ANHAT - frequently asked questions
1. What is the Australian Natural Heritage Assessment Tool (ANHAT)?
ANHAT analyses data on species distribution from a range of plant and animal surveys and collections from across Australia. It can generate a report for each Natural Resource Management (NRM) region.
- For more information, visit: What is ANHAT?
ANHAT contains information on the distribution of over 30,000 Australian species. This includes all mammals, birds, reptiles, frogs and fish, 137 families of vascular plants (over 15,000 species) and a range of invertebrate groups. The list of families is shown in Appendix 1 of your Biodiversity Summary.
2. What is the NRM Biodiversity Summary?
The NRM Biodiversity Summary is generated from ANHAT to highlight important elements of regional biodiversity to assist NRM bodies in their planning and regional actions. Please see the Cover Page for additional information.
3. Who should use it?
Anyone involved in the planning and delivery of Australian natural resource management activities.
4. How can it help me?
It can help you in two ways:
- By showing plants and animals that may require special attention because they are only found in the local area, mainly in the local area or have a conservation status such as 'endangered' or 'vulnerable under the Commonwealth Environment Protection and Biodiversity Conservation Act 1999.
- By comparing your region to other parts of Australia in terms of the composition and distribution of its plants and animals. This may help identify species and groups of species that are nationally significant.
5. What can't it do?
ANHAT contains information on a range of species – you can refer to Question 1 for more information. However species groups not yet covered in ANHAT won't be included in the summary.

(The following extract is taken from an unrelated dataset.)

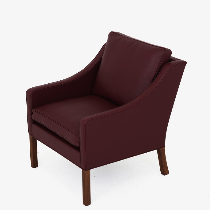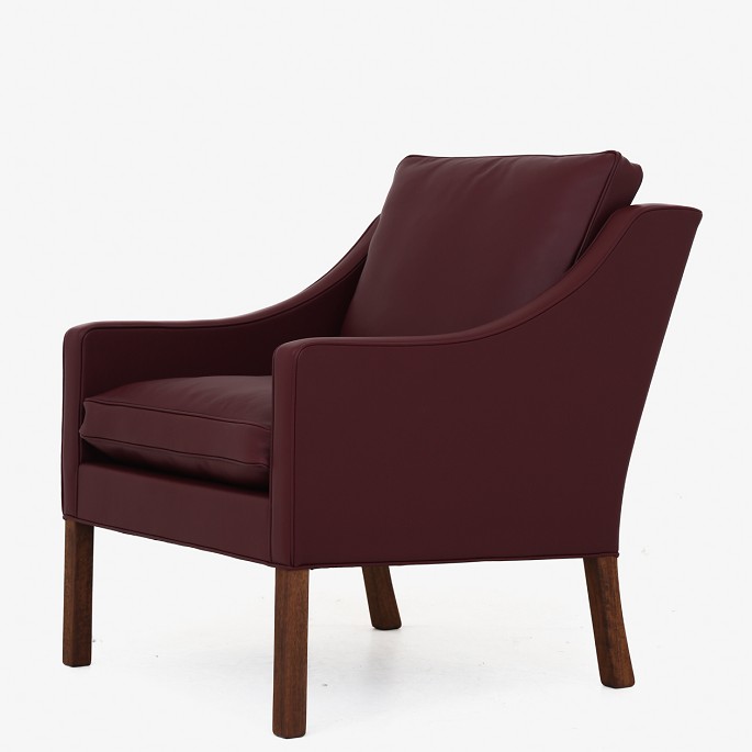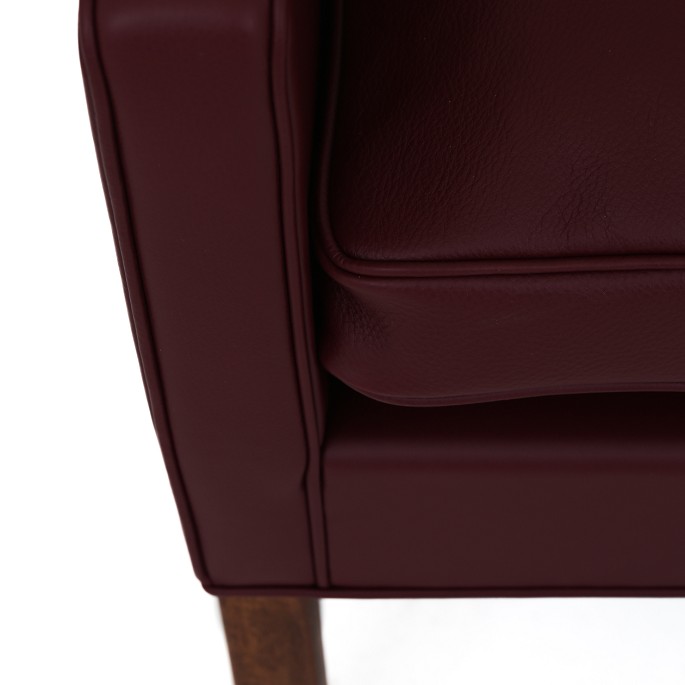BM 2207 - Nybetrukket lænestol i 'Prestige'-semi-anilin-læder (farve: Wine Red). KLASSIK tilbyder stolen i tekstil eller læder efter eget valg.

The data come from authoritative sources, but they aren't perfect. All species names have been confirmed as valid, but it's not possible to confirm all species locations. The report summarises the input data, so any data errors would be reflected in the report.
6. How often are the summary and national species richness and endemism maps updated?
They will be updated periodically.
7. Do the Biodiversity Summaries include threatened species listed under the State legislation?
Not at this stage. However, they do include species listed under the Commonwealth Environment Protection and Biodiversity Conservation Act 1999.
8. Where does the data come from?
Sources include national and state herberia, museums, state governments, CSIRO, Birds Australia and a number of organisations and private individuals. For more information check the list in Appendix 2 of the Summary, or refer to the Cover Page on the limitations of the Summary.
9. Can I get a similar report for a specific place within or outside my region?
At this stage these reports are only available for the whole of each NRM region.
10. Why are the reports showing some species missing from an area or showing in other areas when they should be restricted to a specific region only??
Many species records were not provided with date information. So, although records prior to 1950 were excluded from all the reports some historical records will be included where they did not have date information attached.
If there is a species that you think should or should not be present in your region please email the details of the species and the NRM region to firstname.lastname@example.org.
11. Under the Species List there are families with a note at the bottom saying, for example, "This region rates highly for richness of Fabaceae - Peas," or "This region rates highly for endemism of Scincidae - Skinks." What does that mean?
This means that the species in the named family which are present in the region combine to give the region in question a very high level of species richness or endemism compared to all other NRM regions in Australia.
ANHAT estimates species richness and endemism for every half a degree (roughly 50km) square across Australia. A statement that 'the region rates highly' means that one or more squares in the region rated close to the top of the range when compared with all 50km squares across Australia for the overall numbers of species (richness), or the number of restricted species (endemism). Because the threshold for the reports was set to analyse for values in the top 2%, this means that values identified in each report are in the top 2% of all the 50km squares across the country.
Endemism estimates the degree to which the species found in an area have small or restricted distribution ranges. Places of high weighted endemism contain a component of Australia's biodiversity which is restricted to this area or is found in few other places.
12. Can I get a similar Summary for Interim Biogeographic Regionalisation of Australia (IBRA) Regions?
This may be considered in a future development of the tool.
13. How do you verify the data used to generate the Summary?
Please refer to the Cover Page for more information.
14. Are subspecies included in the Summary?
No - only species are shown in the summaries, subspecies are not included at this time.
15. Can I get a copy of the original species location records?
No - we are bound by the agreements with our data providers. Many of our providers have restricted our use of their data so that we are unable to pass on the original records without first getting approval from them.
16. On the maps, how do I interpret the values for species richness and weighted endemism?
Species richness counts the number of different species within a particular area for a particular group of species – for example, the number of species of snakes.
Endemic species are those which occur only in a small area. Weighted endemism estimates the degree to which the species found in an area have small distribution ranges. Places of high weighted endemism contain a component of Australia's biodiversity which is restricted to this area or is found in few other places.
On these maps, richness and endemism scores are calculated for a moving 30km square window, but summarised to the degree grid shown on the maps.
For more detail on the methods used to estimate species richness and endemism, see An assessment of endemism and species richness patterns in the Australian Anura.